И – ах! – подумалось, недолго всему этому быть, на его-то век, может, и хватит, а дальше, небось, и не будет: в нехороший один день трещинка побежит – и конец всему. Хрупкое тут все, недолговечное, опасно…
А людей вокруг мало совсем было в тот день. Казалось, что и вообще больше нет: что столько и есть, сколько видно.
Может, и правда столько?
Но, Боже мой, как же он любил эту старую Европу, Боже мой, как он ее любил!
…Все терпеливо сносила любящая мать его (отец Августина скончался вскоре после отправления его в Карфаген), но ереси не могла стерпеть в нежно-любимом сыне своем: она отказалась иметь с ним всякое общение, выгнала из своего дома и проводила горькие дни в непрестанных слезах о погибели чада своего и в молитвах о его обращении.
Однажды, после обильных молитвенных слез, она заснула и во сне увидала пред собою светлый образ юноши, который с участием спрашивал о причинах такой горести ее. «Оплакиваю погибель сына моего», – отвечала она.
Юноша, желая успокоить ее, возразил, что сын ее с нею, и приказал обратиться и посмотреть ей около себя. Мать обратилась и увидела подле себя сына. Это сновидение почла она добрым пророчеством и спешила рассказать его сыну.
«Что ж, – спокойно отвечал Августин. – Это значит, что и ты скоро будешь там, где теперь я, там будешь и ты». И с той поры она опять стала разделять с ним трапезу.
Однако ж, время текло, а сын не обращался.
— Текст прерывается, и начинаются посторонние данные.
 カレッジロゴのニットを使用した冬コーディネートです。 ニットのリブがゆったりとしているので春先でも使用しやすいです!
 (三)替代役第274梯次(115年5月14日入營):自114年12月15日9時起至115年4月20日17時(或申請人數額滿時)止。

Все, что могла, делала для него мать, делала с необыкновенным усердием и постоянством; но, казалось, ни в чем не успевала.
Наконец она решила идти к епископу и просить его о вразумлении заблудшего; но епископ не соглашался на это, говоря, что Августин, недавно приставший к еретикам, еще не способен теперь вразумиться истиною. «Оставь его, – говорил он, – со временем он сам увидит грубость своего заблуждения и отвергнет его». В доказательство епископ указывал на себя как на пример подобного обращения, ибо в молодости и он заражен был манихейством.
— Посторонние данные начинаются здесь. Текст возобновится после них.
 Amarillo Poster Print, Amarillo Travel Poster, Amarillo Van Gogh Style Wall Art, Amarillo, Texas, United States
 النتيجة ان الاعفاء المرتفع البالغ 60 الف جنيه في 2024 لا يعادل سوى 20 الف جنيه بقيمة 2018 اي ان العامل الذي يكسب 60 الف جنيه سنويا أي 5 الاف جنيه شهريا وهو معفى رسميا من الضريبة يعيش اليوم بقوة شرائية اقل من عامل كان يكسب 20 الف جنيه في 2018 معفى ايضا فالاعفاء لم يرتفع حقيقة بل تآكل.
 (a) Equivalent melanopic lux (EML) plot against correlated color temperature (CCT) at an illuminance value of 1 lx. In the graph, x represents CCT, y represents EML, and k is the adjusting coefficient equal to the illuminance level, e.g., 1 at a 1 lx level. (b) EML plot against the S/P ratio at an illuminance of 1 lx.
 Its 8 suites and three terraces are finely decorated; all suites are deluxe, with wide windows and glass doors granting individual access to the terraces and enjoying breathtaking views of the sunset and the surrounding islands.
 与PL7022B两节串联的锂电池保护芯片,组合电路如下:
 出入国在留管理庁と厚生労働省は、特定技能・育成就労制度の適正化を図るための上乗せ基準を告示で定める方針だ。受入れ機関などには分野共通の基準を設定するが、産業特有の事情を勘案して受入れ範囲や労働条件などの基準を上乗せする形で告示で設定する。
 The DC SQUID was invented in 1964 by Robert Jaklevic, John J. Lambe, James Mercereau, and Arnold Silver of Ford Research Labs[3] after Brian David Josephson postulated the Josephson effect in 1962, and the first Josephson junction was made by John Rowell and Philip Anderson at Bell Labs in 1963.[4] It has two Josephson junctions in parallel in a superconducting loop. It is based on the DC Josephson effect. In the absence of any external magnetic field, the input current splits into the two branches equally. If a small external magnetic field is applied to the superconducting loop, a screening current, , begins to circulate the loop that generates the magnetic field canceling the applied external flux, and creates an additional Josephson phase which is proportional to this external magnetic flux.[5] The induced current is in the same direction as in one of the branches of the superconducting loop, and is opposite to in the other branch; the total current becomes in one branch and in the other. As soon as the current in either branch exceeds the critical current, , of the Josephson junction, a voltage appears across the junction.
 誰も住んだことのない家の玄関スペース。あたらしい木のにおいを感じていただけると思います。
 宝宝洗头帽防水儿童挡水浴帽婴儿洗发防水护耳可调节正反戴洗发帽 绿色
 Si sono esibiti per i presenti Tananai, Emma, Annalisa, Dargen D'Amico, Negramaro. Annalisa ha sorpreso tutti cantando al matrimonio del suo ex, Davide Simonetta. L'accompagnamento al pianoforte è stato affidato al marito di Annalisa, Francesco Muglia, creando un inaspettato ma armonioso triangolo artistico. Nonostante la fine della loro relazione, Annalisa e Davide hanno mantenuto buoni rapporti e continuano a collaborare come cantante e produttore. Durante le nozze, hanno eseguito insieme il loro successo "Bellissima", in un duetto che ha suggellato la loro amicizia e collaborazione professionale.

Когда же мать, не успокоенная таким предвещанием, со слезами приступила вновь к опытному старцу и просила его призвать к себе сына ее и мудрою беседою направить на путь истины, тогда епископ, как бы с некоторым укором, сказал ей: «Ступай, и живи, как живешь! Невозможно, чтобы чадо таких слез погибло!»
Конечно, проект с Робертино рухнул, и стало казаться: так им и надо всем, не хотят – пусть не будет у них ни того, прежнего, Робертино, ни другого не будет – даже и хуже, даже и из совсем другой страны… никакого не будет, потому что никакого не заслужили, даже такого, как он, хуже и из другой страны… Да и не Робертино он вовсе: Робертино смел, а он не смеет – на улице, при всем народе… В общем, рухнул проект, кто виноват – неважно, рухнул, и когда, стало быть, проект рухнул, то сразу после скучного пения в хоре песни с эгоистическим финалом «пусть всегда буду я» возник новый с иголочки проект под названием «драматический актер». Где-то он прочитал это словосочетание «драматический актер» – и оно ему понравилось: не просто значит абы какой актер, а драматический!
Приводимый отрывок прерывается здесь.